What I really lust after in terms of class-attention is a rainstick, though I've considered bringing one of the many portable musical instruments in my collection. A harmonica, perhaps? (You don't get much more portable than that.) Too bad I left everything in New York except the soprano recorder (which was a gift from my sister, and was never in New York to begin with). Clapping number patterns (and getting the class to guess what's next)? Maybe that's too cheesy for high schoolers. Hmm. In any case, the spreading radius of student-attention wasn't intentional.

I wish I'd been a lot clearer in that explanation of the distance formula--and it's true that it's essentially a Cartesian application of the Pythagorean theorem. I did want to review it because the textbook specifically required its use, though that's not necessarily the best reason to mention something. I think not-teaching the distance formula explicitly is a good idea, except that by this class they'd already seen it. (And let's not even mention non-Euclidean geodesics.) It was clear to me where I was going, but judging from the class' reactions, a lot of them were confused. I'm also not sure that the steps of the derivation were appropriately paced (going from a nicely-labeled right triangle to a triangle placed on a Cartesian coordinate system), though I'm at a loss as to how it could have been better paced.

(I maintain, as I have before, that if you think about all the things actually involved in teaching--math or any other subject--it starts to seem like an impossible task.)

In C&I we've been spending some time with Wiggins & McTighe's Understanding by Design, and I feel as though I need to be applying those principles a lot more than I am. If I'd thought about what I wanted the class to walk (or limp, or skip, or run) away with, it would have been obvious to me that I needed to clarify the lesson's goals. (Whether the attempt actually succeeded would be another story, but there would have been an attempt.)

Randomly, I also now understand why teachers fall prey to the temptation to question "bright" students less, because I just fell prey to it with the whole "AAA" triangle business. The student who came up with that as a justification has one of the more mature mathematical minds and so I just took his word for it (though in all fairness, I might have taken another student's word for it, considering how flustered I was feeling).

The group-poster-proof, which culminated on Friday with the entire period spent on presentations, went pretty well despite a rough start, though. Yes, I biased the proofs: there were four pairs of propositions to be proved; or rather, four propositions, each set up two different ways to "bias" the resulting proofs toward either an analytic/algebraic or geometrical method. The posters weren't intended so much as final products as visual aids for the students' presentations (and also to give some sense of solidity to results that might not have been "complete" in the sense of a total proof).
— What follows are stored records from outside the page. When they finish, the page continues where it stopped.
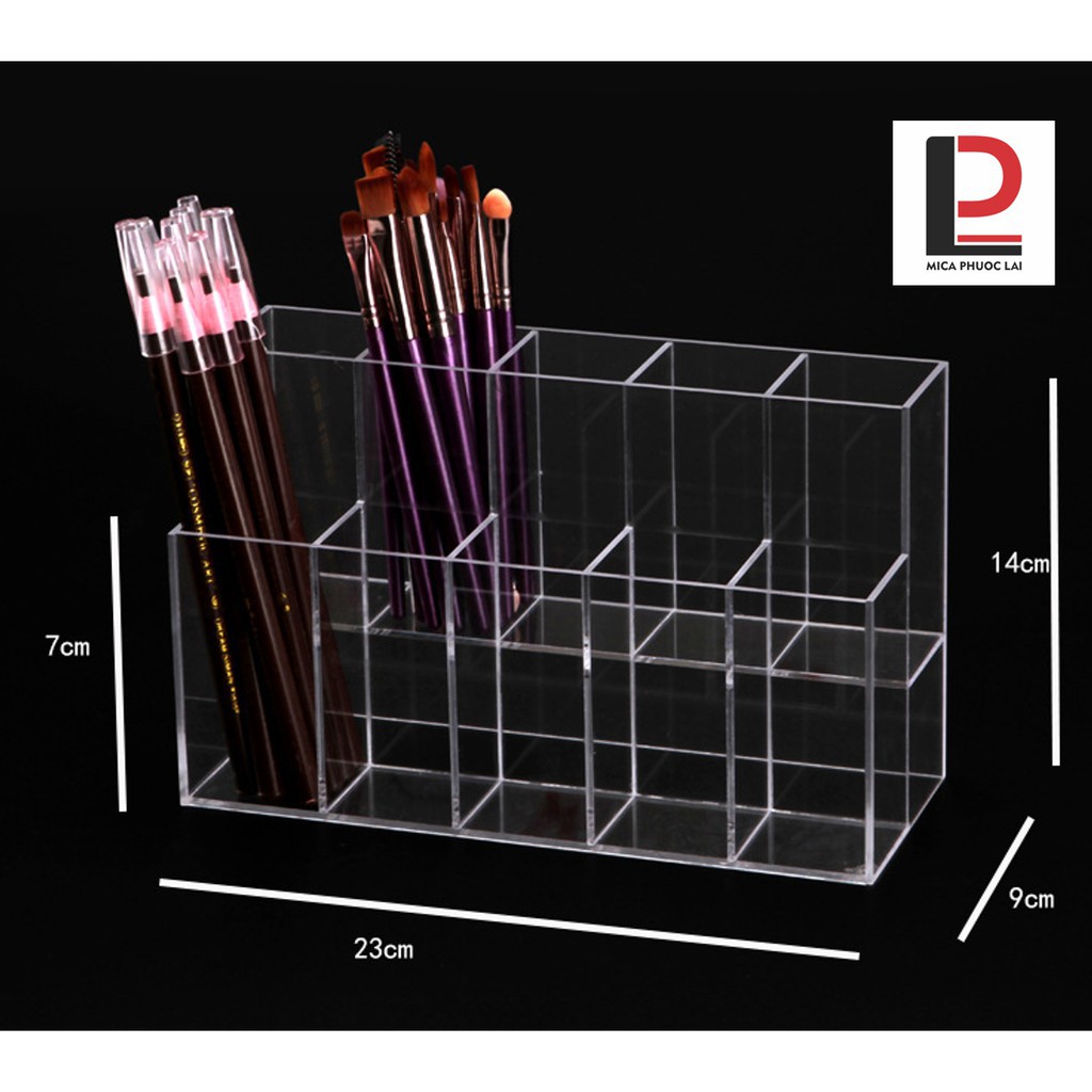 Kệ bút mica được thiết kế để đựng bút, ngoài mục đích trưng bày sản phẩm bút, kệ bút với thiết kế nhiều ngăn còn có tác dụng phân loại bút theo mẫu mã.
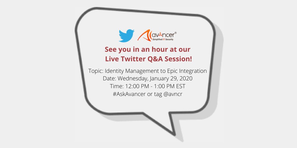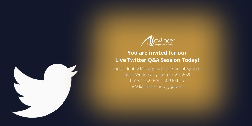 #TwitterQnA Session Today at 12:00 PM EST! Tweet your questions on#IdentityManagement to#Epic Integration with#AskAvancer or/and tag@Avncr.#Epicsystems#Healthcare#HIPAA#IAM#Cybersecurity#TwitterChat https://zurl.co/fV13 pic.twitter.com/ZSZcS23JL6
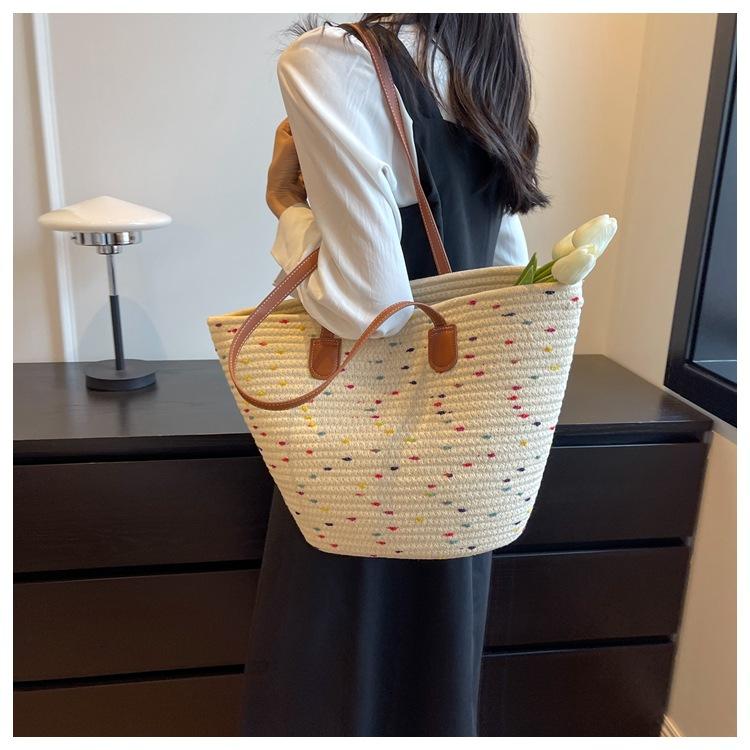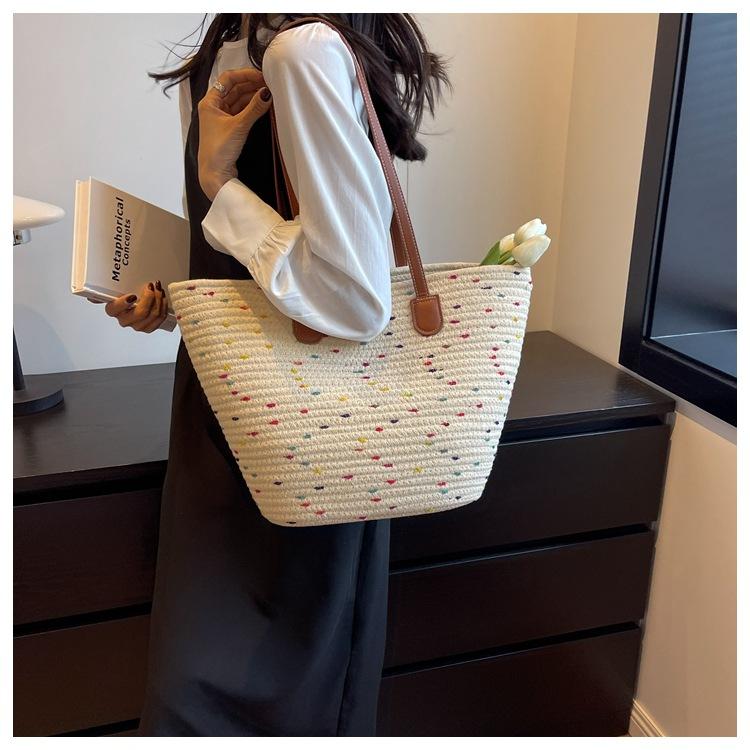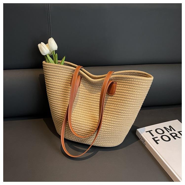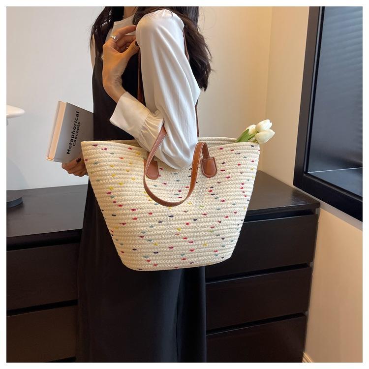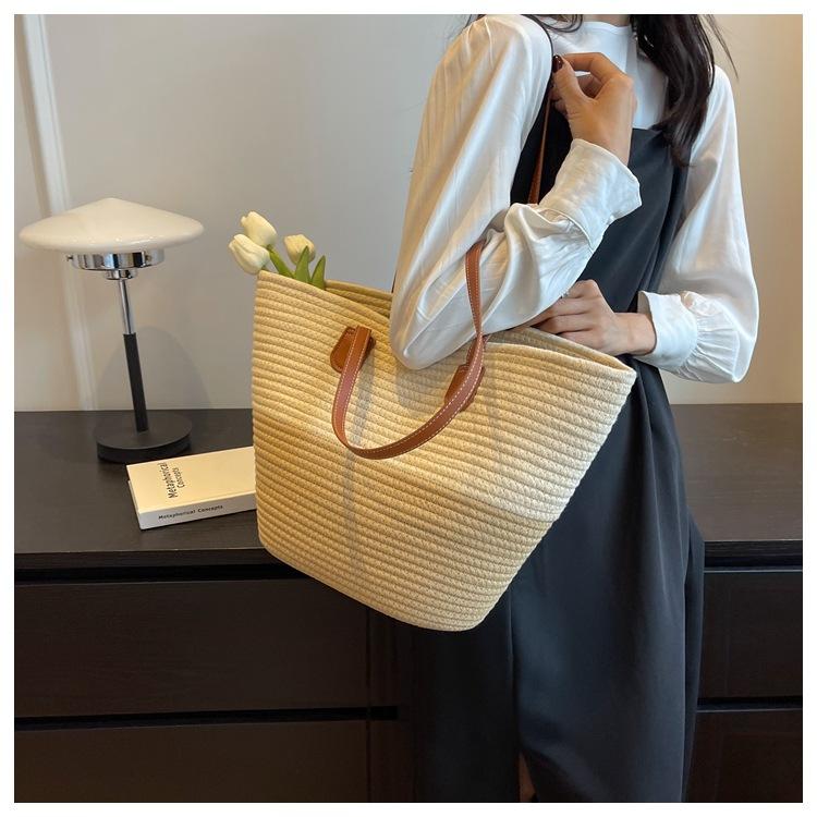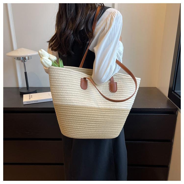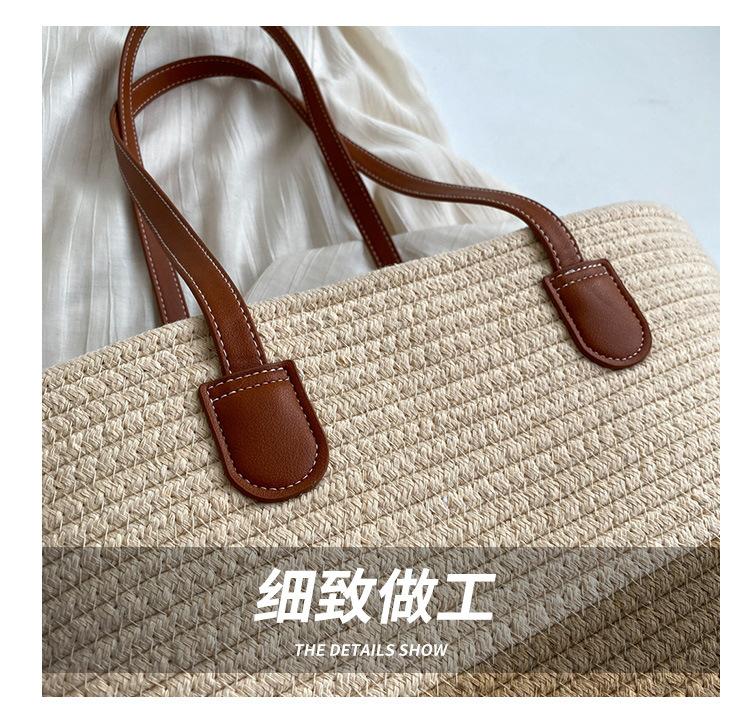 Bolso de Paja Tejida para Mujer de Gran Capacidad 2025 Nuevo Verano Combinable Bolso de Hombro Textura de Alta Calidad Bolso Tote para Ir al Trabajo

A lot of great work and questions, not to mention frustration.

The frustration, I think, was in some sense a good thing because a) it didn't seem to reach the point where students felt like giving up on the problem as too difficult or irritating and b) it resulted from the sensation of getting stretched in their mathematical reasoning. (God only knows how frustrated I got in a lot of my later college classes, mathematical or otherwise.) Given these premises, it also has the potential for leading into that "aha!" feeling you get when you finally "get it." (I have a vivid memory of my best "aha!": I stared for 15 minutes at Penrose's explanation of Cantor's diagonal slash proof on the cardinality of the real numbers vs. the integers, and then suddenly it all made sense. That was 11th grade, when I was reading Penrose's The Emperor's New Mind.)

The presentations themselves--well, I don't know why I thought they'd only take about 20 minutes. (A fellow steppie's master teacher said to me afterward that presentations will take a long, long time. Why didn't I remember that from high school? Possibly because we almost never did presentations in high school, other than the time I "guest-lectured" on medieval warfare for a teacher's Western Civilization class, since I was the resident expert, which doesn't count as far as my own learning went.) G.H. was the catalyst for a lot of great questions, but others were vocal in expressing confusion, too.

One thing Bonnie did before students began presenting was to have everyone draw a chart on a piece of paper to rate the presentations from 1 to 5 according to organization, presentation, content and clarity (I think I may have the wrong words). It was a great idea and obvious in retrospect, but when I conceived of this activity I hadn't thought of it and she didn't mention it as a possibility during our planning session (though I was happy to have it happen). I wish I knew more about concrete, specific things like this that go into supporting student presentations (since, again, they never happened in my mathematical apprenticeship except in that one honors seminar at college).

The crossfire of questions and ideas was great; the majority of the class seemed focused the majority of the time (a couple were almost asleep toward the end, but it was the end of a long Friday, so I can't quite blame them). I stepped in occasionally to clarify ideas or ask for clarifications--students were great at speaking up when they got lost, but sometimes there were mathematical gaps that were obvious to me and not to them. I hope I wasn't too intrusive, but I wanted to make some of the connections explicit, especially concerning how you can have different ways of doing a proof.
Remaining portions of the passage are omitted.